What to produce: Using the data that follows, give again word for word the lines between the one holding "Forma jest asymetryczna, płynna, miękka" and the one holding "Our boots are", inclusive. Omit the pictures.

Data:
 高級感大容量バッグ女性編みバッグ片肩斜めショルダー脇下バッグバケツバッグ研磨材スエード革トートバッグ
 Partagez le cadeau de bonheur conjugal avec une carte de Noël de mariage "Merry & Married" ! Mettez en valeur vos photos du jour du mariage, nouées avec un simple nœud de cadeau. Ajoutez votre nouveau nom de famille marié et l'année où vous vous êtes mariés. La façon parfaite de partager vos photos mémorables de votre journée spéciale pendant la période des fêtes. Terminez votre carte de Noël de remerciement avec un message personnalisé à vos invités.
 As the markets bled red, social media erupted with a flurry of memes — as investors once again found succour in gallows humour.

...

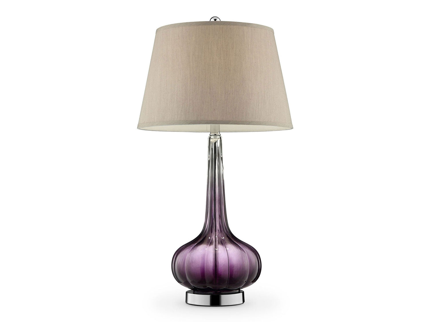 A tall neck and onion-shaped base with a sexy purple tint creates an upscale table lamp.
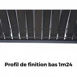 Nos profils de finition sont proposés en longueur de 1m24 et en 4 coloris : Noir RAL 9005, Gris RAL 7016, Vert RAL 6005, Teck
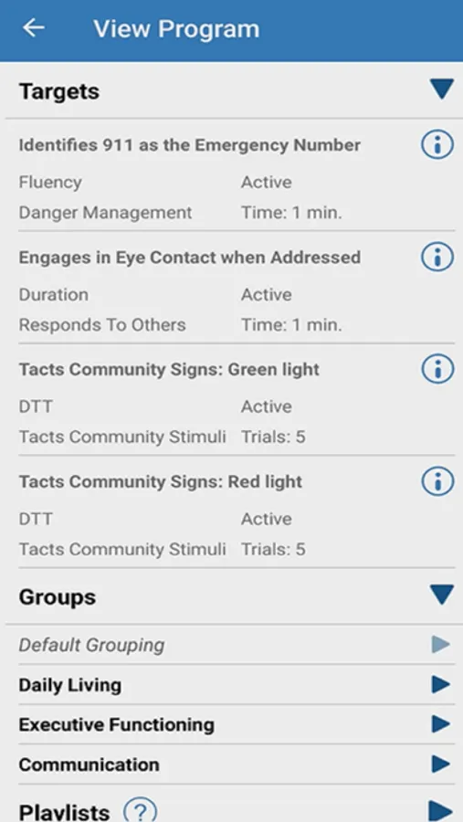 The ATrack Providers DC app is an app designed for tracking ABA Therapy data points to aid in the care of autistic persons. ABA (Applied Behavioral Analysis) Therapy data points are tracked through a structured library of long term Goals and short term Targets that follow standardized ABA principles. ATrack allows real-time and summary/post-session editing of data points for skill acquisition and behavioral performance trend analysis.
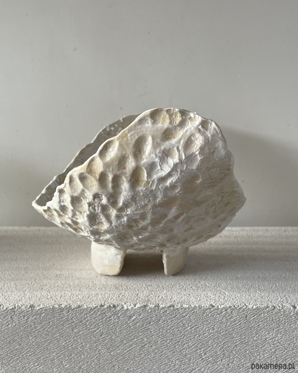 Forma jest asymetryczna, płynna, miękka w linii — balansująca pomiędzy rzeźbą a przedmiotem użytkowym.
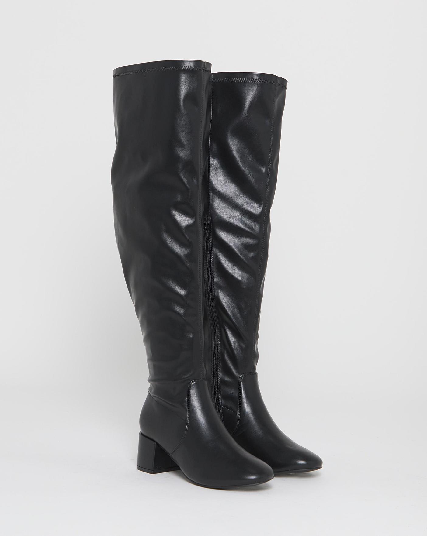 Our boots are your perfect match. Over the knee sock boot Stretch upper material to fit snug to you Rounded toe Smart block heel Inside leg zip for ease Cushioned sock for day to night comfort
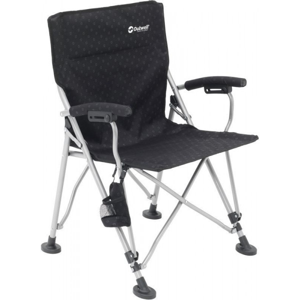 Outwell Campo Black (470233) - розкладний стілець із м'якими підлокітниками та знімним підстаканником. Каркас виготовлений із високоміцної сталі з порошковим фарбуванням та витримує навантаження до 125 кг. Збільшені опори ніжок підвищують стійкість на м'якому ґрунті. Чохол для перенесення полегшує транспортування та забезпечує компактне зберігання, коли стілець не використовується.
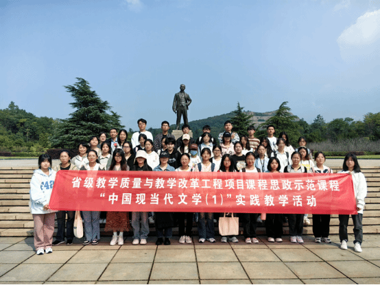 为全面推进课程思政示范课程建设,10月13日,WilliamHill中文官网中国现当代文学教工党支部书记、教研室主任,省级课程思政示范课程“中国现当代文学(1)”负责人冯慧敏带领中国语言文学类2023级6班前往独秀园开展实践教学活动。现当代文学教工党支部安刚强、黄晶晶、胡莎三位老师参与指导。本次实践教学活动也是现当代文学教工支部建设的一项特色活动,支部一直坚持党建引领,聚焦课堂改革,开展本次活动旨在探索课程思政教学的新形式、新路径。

* * *

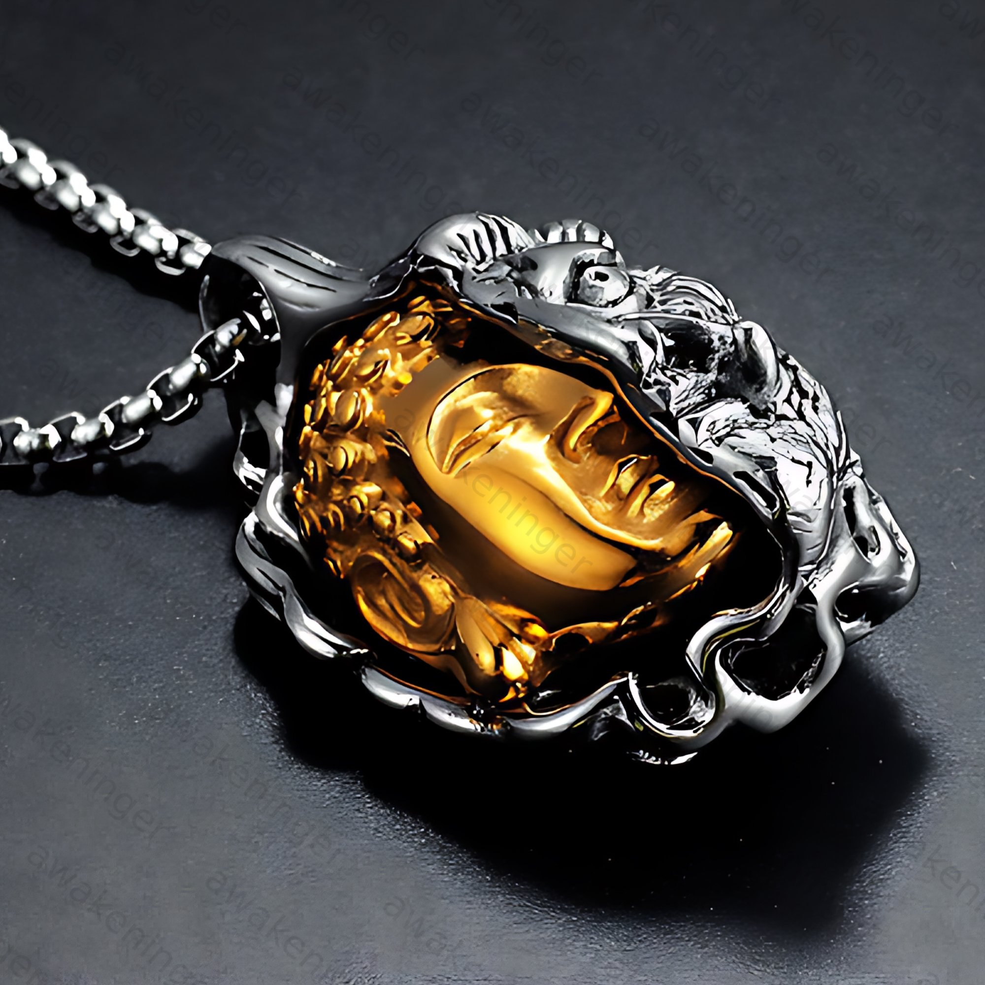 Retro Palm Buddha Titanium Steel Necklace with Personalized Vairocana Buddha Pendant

Completed exercise:
 Forma jest asymetryczna, płynna, miękka w linii — balansująca pomiędzy rzeźbą a przedmiotem użytkowym.
 Our boots are your perfect match. Over the knee sock boot Stretch upper material to fit snug to you Rounded toe Smart block heel Inside leg zip for ease Cushioned sock for day to night comfort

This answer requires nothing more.